■ **ACTION ITEM**
Beneath this line are entries. Copy the range from the line with "Herní set panenka" to the line with "生产物流:帮工厂高效管理零部", ends included, exactly; leave pictures out.

■ **PROVIDED MATERIAL**
┄┄┄┄┄┄┄┄┄┄

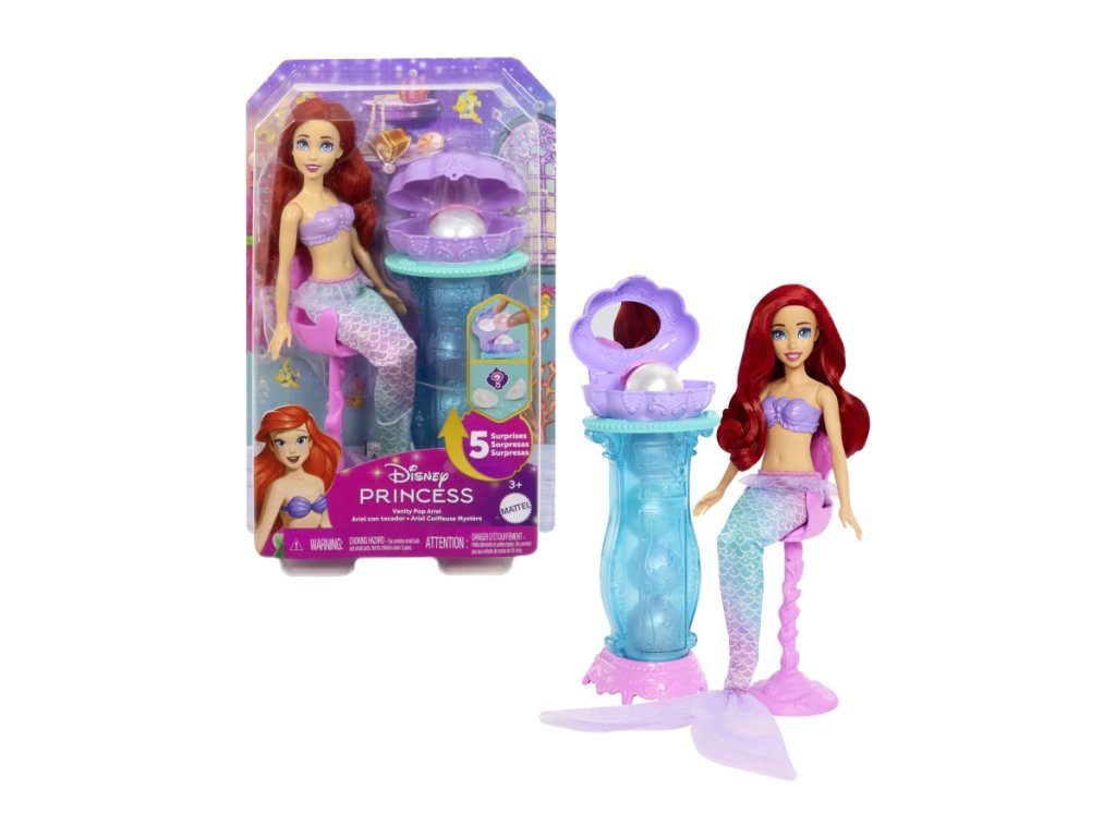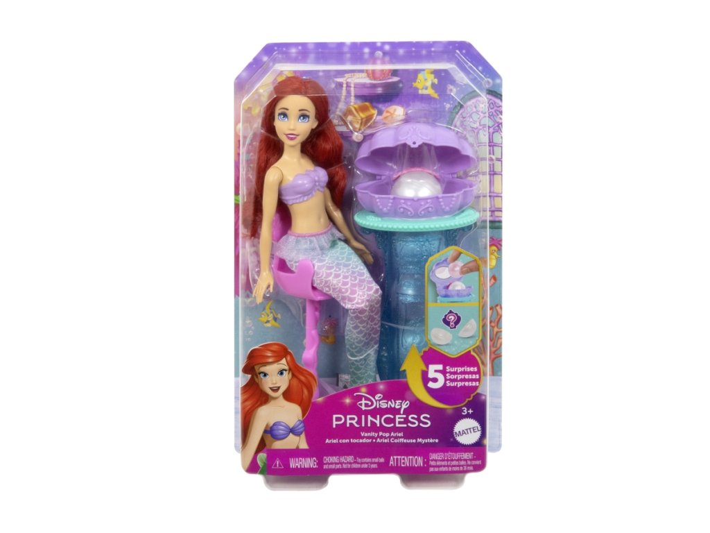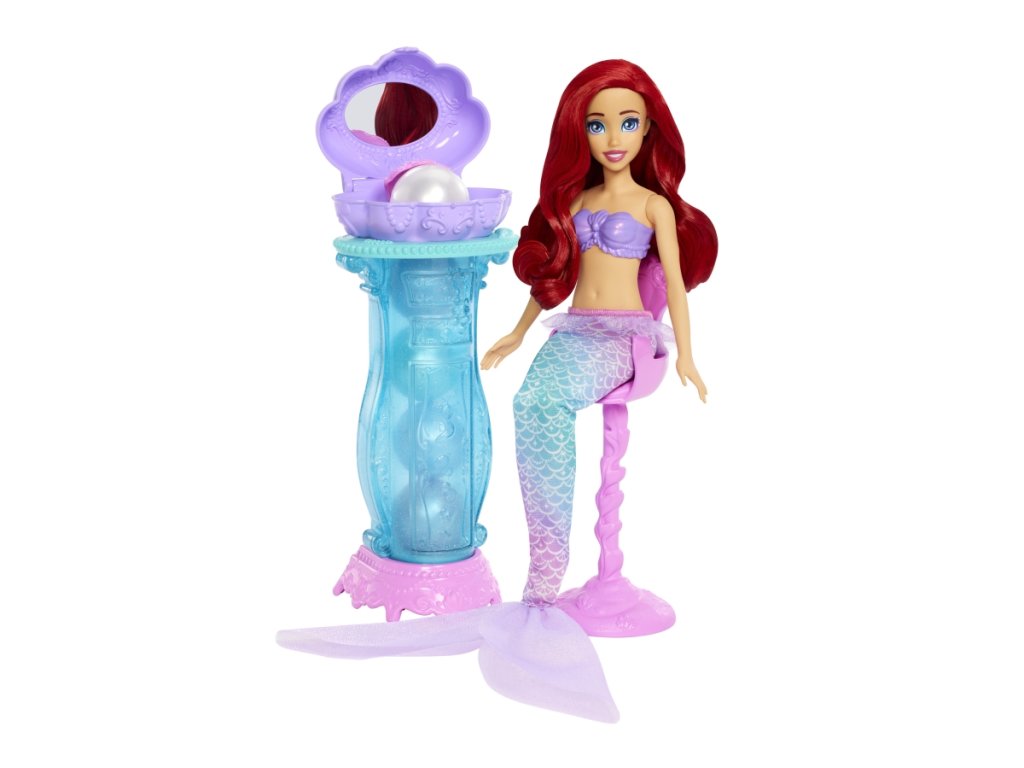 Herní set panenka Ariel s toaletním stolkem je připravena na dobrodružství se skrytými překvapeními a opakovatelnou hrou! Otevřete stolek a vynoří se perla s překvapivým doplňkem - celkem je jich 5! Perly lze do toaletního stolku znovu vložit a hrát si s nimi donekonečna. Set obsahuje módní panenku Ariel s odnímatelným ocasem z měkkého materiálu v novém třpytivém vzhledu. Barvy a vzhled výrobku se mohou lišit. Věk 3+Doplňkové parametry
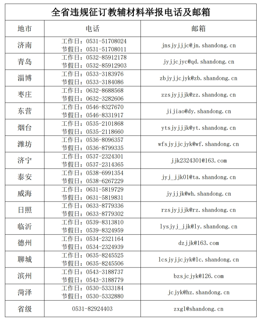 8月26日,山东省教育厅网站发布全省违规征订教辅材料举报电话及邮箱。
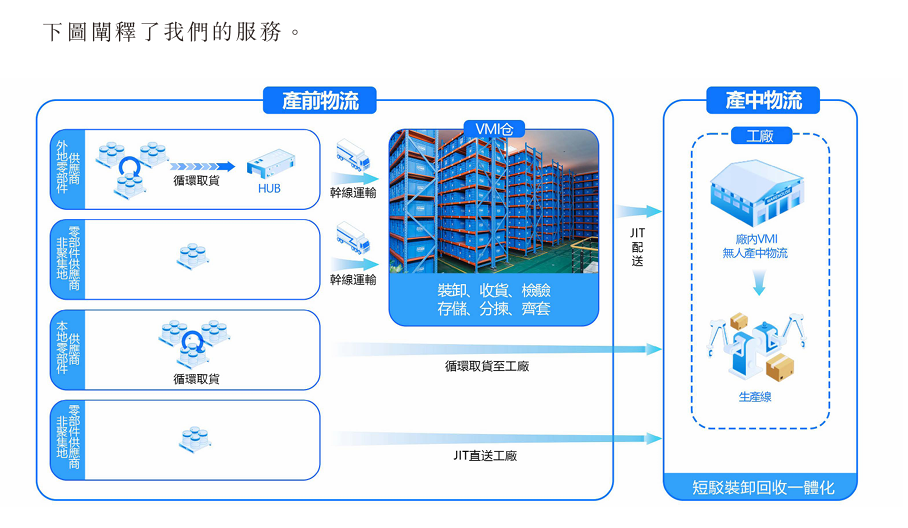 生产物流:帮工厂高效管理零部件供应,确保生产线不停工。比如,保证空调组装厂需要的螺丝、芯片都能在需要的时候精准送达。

┄┄┄┄┄┄┄┄┄┄

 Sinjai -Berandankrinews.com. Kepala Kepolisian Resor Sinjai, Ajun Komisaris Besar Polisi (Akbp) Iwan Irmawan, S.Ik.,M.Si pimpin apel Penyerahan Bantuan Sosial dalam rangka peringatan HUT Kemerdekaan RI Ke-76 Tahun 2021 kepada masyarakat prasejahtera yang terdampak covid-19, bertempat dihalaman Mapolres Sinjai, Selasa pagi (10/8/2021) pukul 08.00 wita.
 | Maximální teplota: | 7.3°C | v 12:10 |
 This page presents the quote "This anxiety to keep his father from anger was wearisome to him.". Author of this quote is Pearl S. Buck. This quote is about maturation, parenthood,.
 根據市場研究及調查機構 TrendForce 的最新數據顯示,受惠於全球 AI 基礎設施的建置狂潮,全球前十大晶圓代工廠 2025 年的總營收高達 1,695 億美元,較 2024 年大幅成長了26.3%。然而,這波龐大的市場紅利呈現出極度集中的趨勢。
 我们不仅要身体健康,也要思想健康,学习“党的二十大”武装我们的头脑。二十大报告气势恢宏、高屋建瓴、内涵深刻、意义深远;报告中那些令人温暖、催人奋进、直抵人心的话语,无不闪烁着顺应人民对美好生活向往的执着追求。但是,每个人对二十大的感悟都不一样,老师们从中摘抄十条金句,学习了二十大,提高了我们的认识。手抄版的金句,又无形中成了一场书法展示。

┄┄┄┄┄┄┄┄┄┄

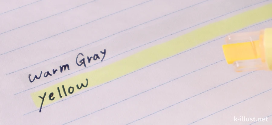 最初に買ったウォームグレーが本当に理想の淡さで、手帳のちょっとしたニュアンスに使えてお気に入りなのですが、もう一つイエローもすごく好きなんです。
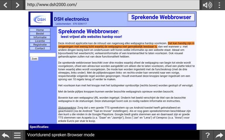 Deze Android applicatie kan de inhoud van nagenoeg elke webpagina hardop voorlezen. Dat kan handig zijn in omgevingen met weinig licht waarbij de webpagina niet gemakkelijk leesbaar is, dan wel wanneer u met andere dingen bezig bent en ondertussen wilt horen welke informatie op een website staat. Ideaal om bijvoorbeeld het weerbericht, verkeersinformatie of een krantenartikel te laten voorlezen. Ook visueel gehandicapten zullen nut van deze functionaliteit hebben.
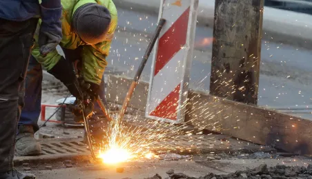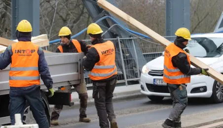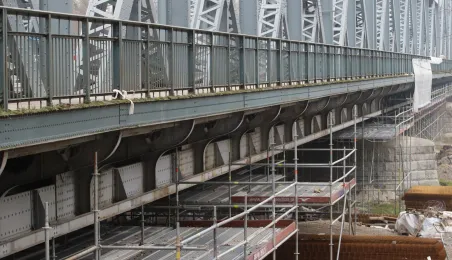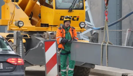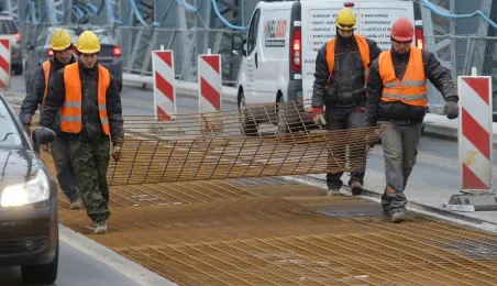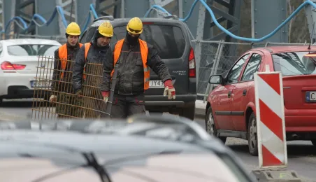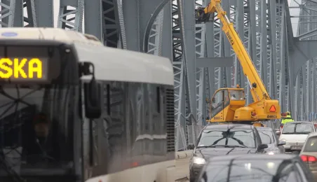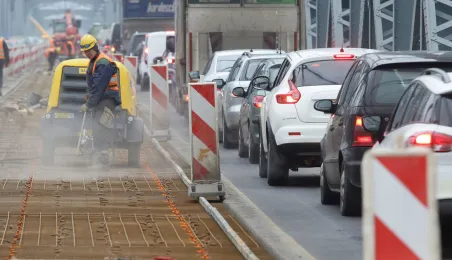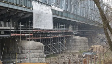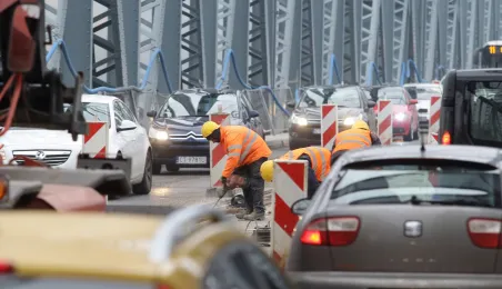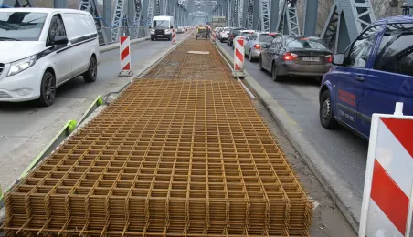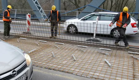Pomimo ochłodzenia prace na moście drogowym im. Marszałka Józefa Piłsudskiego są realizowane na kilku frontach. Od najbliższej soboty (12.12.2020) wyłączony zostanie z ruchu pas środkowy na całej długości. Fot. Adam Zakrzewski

┄┄┄┄┄┄┄┄┄┄

■ **RESPONSE**
 Herní set panenka Ariel s toaletním stolkem je připravena na dobrodružství se skrytými překvapeními a opakovatelnou hrou! Otevřete stolek a vynoří se perla s překvapivým doplňkem - celkem je jich 5! Perly lze do toaletního stolku znovu vložit a hrát si s nimi donekonečna. Set obsahuje módní panenku Ariel s odnímatelným ocasem z měkkého materiálu v novém třpytivém vzhledu. Barvy a vzhled výrobku se mohou lišit. Věk 3+Doplňkové parametry
 8月26日,山东省教育厅网站发布全省违规征订教辅材料举报电话及邮箱。
 生产物流:帮工厂高效管理零部件供应,确保生产线不停工。比如,保证空调组装厂需要的螺丝、芯片都能在需要的时候精准送达。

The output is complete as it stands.